Olivier Steiner: Ja, das würde ich grundsätzlich befürworten. Medienpädagogen sollten Kenntnisse mitbringen, wie Peer-Prozesse gestaltet werden. Aber man muss auch vorsichtig sein, um die Jugendlichen nicht durch die Einbeziehung von Profis wiederum zu erdrücken. Dieses Gefühl hatte ich bei einem der untersuchten Projekte, wo viele Experten Wissen eingebracht und Vorträge gehalten haben. Also: Professionelle Medienpädagogen ja, aber mit großer Achtsamkeit und nicht mit dem Zeigefinger oder einem Koffer voller Broschüren. Jugendliche reagieren allergisch auf solche Präventionsbotschaften von Erwachsenen. Die Autonomie in diesen Prozessen ist ein zentraler Wert von Peer-Education. Sonst entscheiden wieder nur die Erwachsenen, über was die Jugendlichen reden sollen. Das kann es ja nicht sein, sonst kann man auch klassischen Frontalunterricht machen.

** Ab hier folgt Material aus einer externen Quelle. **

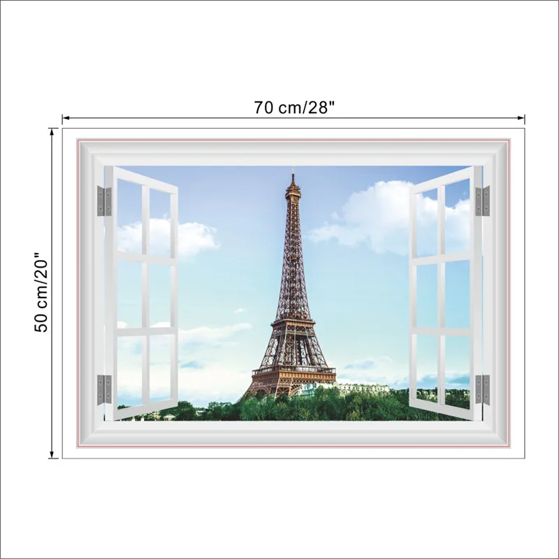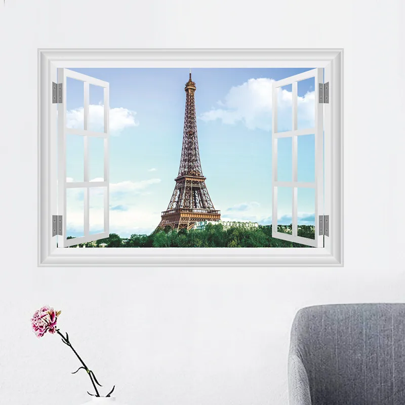 Парижская башня 3d поддельные наклейки на окна стены гостиной спальни украшения городской пейзаж Фреска Искусство пейзаж Diy домашние наклейки

Welche Rolle können Peer-Projekte in der Medienbildung zukünftig einnehmen?
Olivier Steiner: Man kann Peer-Education nicht als billige Methode ansehen, die Projekte funktionieren nicht von selbst. Es geht nicht ohne die Einbeziehung von Experten. Es sollte eine Auseinandersetzung darüber stattfinden, was den Jugendlichen wichtig ist. Erwachsene müssen sich zurücknehmen, zuhören und die Partizipation der Jugendlichen ernst meinen. Es ist schon aufwändig. Aber wenn Peer-Education richtig eingesetzt wird, würde ich die Methode als für alle Seiten lohnend ansehen.
Zur Person:
Dr. Olivier Steiner ist Professor an der Hochschule für Soziale Arbeit, Fachhochschule Nordwestschweiz, in Basel. Am Institut für Kinder- und Jugendhilfe forscht er zu den Themen Jugendgewalt und digitale Medien.